List of SDL2 articles

Introduction to SDL2

SDL2 event processing

SDL2 texture rendering

SDL2 audio playback

FFmpeg+SDL2 video streaming

FFmpeg+SDL2 audio stream playback

The first two articles did audio and video playback respectively, to achieve a complete simple player must do audio and video synchronization, and audio and video synchronization in audio and video development is a very important knowledge point, so here to record the understanding of audio and video synchronization related knowledge.

Introduction to Audio and video synchronization

As you can see from the previous study, in a video file, both audio and video exist as a single stream and do not interfere with each other. Then, the playback time of a certain Frame (Sample) can be played separately according to the Frame Rate of the video and the Sample Rate of the audio through simple calculation, which should be synchronous theoretically. However, due to the speed of machine operation, decoding efficiency and other factors, it is likely to appear audio and video synchronization, for example, in the video, people are talking, but only the mouth of the figure can be seen but no sound, which greatly affects the user’s viewing experience.

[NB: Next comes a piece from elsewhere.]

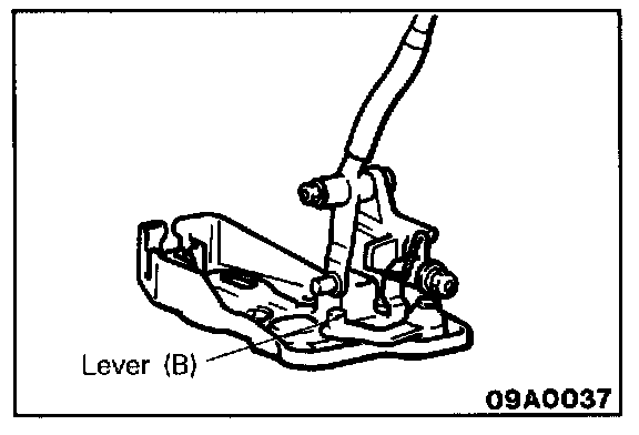 3. Adjust, by using the adjuster, so that the end of the select cable is positioned as shown in the illustration relative to lever (B).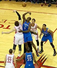 After the lockout, Ibaka returned to the NBA from Spain. On 19 February 2012, he recorded his first career triple-double against the Denver Nuggets, scoring 14 points, grabbing 15 rebounds and getting a career-high 11 blocks.[17] He played all 66 games in the shortened season as a starter, averaging the most blocks in the league, 3.6 per game. In voting for the Defensive Player of the Year, he finished second behind Tyson Chandler of the New York Knicks.[18] In Game 4 of the Western Conference Finals against the San Antonio Spurs, Ibaka went 11–11 from the field. Oklahoma City went on to win the series in six games and advance to the 2012 NBA Finals. In the Finals Ibaka averaged 7 points and 5 rebounds, but the Thunder fell to the Miami Heat in five games.

How to synchronize audio and video? To know that audio and video synchronization is a dynamic process, synchronization is temporary, not synchronization is the normal, need a linear increase over time, video and audio playback speed are based on this amount as the standard, play fast will slow down the playback speed; Play slow to speed up the speed of playback, in your pursuit of each other to achieve the synchronization of the state. There are three main ways to achieve synchronization:

  • Synchronize video and audio with an external clock. Select an external clock as the baseline, and the video and audio playback speeds are based on this clock.
  • To synchronize audio to video is to synchronize audio based on the playback speed of the video.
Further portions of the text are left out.